I received this book for free from Publisher in exchange for an honest review. This does not affect my opinion of the book or the content of my review.Armada
on July 14, 2015 Pages:
355 Format: Hardcover Source:
Zack Lightman has spent his life dreaming. Dreaming that the real world could be a little more like the countless science-fiction books, movies, and videogames he’s spent his life consuming. Dreaming that one day, some fantastic, world-altering event will shatter the monotony of his humdrum existence and whisk him off on some grand space-faring adventure.
But hey, there’s nothing wrong with a little escapism, right? After all, Zack tells himself, he knows the difference between fantasy and reality. He knows that here in the real world, aimless teenage gamers with anger issues don’t get chosen to save the universe.
And then he sees the flying saucer.
Even stranger, the alien ship he’s staring at is straight out of the videogame he plays every night, a hugely popular online flight simulator called Armada—in which gamers just happen to be protecting the earth from alien invaders.
No, Zack hasn’t lost his mind. As impossible as it seems, what he’s seeing is all too real. And his skills—as well as those of millions of gamers across the world—are going to be needed to save the earth from what’s about to befall it.
It’s Zack’s chance, at last, to play the hero. But even through the terror and exhilaration, he can’t help thinking back to all those science-fiction stories he grew up with, and wondering: Doesn’t something about this scenario seem a little…familiar?
At once gleefully embracing and brilliantly subverting science-fiction conventions as only Ernest Cline could, Armada is a rollicking, surprising thriller, a classic coming of age adventure, and an alien invasion tale like nothing you’ve ever read before—one whose every page is infused with the pop-culture savvy that has helped make Ready Player One a phenomenon.
A few years ago, I read this amazing book entitled Ready Player One; it instantly became a favorite of mine. Years later, I still recommend it to people when they ask what book they should read or grab from the library or bookstore. It was just that memorable and that amazing. The second I found out that Ernest Cline would be releasing yet another book, I knew that I had to read it.
Armada follows a teenager named Zack, who’s pretty much just like every other teenager. He goes to school and loves gaming. His particular favorite is Armada, in which he battles evil aliens with aircraft. He’s actually incredibly good at it; he’s placed sixth on the leader board worldwide. Zack also works at a local video game store with a guy named Ray, who he has become pretty good friends with.

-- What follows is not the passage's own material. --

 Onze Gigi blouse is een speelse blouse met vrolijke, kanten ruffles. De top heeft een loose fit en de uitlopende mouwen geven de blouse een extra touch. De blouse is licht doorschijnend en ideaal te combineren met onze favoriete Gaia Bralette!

Zack only lives with his mother because his father died in an explosion at the age of nineteen, just mere months after Zack was born. Therefore he has never known what it is like to have a father. However, his mother kept everything that his father ever owned, so Zack spends a lot of time going through it all in the attic. He even found a super cool jacket covered in gaming patches, which he enjoys wearing, along with his father’s playlist of music that he used to listen to, so Zack decides to listen to it all the time when he games. The best thing he found was tons of journals that hold his father’s suspicions. Xavier Lightman, Zack’s father, believed that the idea of aliens was expertly played out to humans through multimedia for a reason, and that gaming was used as a way to recruit people to help fight the real-live aliens. Turns out that he was right, because one day while at school, Zack is recruited to join the EDA and help fight the aliens because they’re going to be attacking the world in a day. Will the world be safe?

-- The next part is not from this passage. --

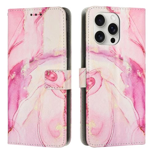 Funda de Cuero con Patrón de Mármol para iPhone 16 Pro (Oro Rosa)

OKAY, I DON’T EVEN KNOW WHERE TO START WITH THIS REVIEW. First of all, Ernest Cline is hands-down one of my favorite authors. Anything he writes, I will automatically buy because he’s just that awesome. He always throws in references to geeky things, and as a geek myself, I love it so much. He references old videogames and Star Wars and different bands and it just makes me so incredibly happy inside. He did the same in Ready Player One. I just love his writing style and way of explaining things as well.
I also loved this story. I absolutely adored Zack and his story and how he was this amazing video gamer. I thought it was so awesome when he was recruited by the EDA. He was so surprised but went along with it anyway! I also loved how the characters were really complex. Also, there were so many twists and turns. I didn’t find it to be predictable at all, which was a huge plus!
The whole idea behind this story was absolutely mind-blowing, because it could absolutely be true. I mean, so many teenagers and adults play video games around the world (including me), so what if we are being tracked on our progress in the game in case of an invasion or even for the military? I just think it’s a cool idea. I haven’t read a science fiction story in the longest time, but I think I’m going to have to go binge-read some sci-fi novels now. If you’ve not read anything by Ernest Cline yet, definitely check out Armada
. You won’t regret it, I promise you!
“That’s how you know you’ve mastered a videogame-when a bunch of butt-hurt crybabies start to accuse you of cheating in an effort to cope with the beatdown they’ve just suffered at your hands.”
“I had been hoping and waiting for some mind-blowingly fantastic, world-altering event to finally shatter the endless monotony of my public education.”
“The only thing crazier than hallucinating a fiction videogame spaceship would be to blame it on a frosted breakfast pastry.”
Have you read Armada yet? What were your thoughts? If you’ve not read it, what interests you about it?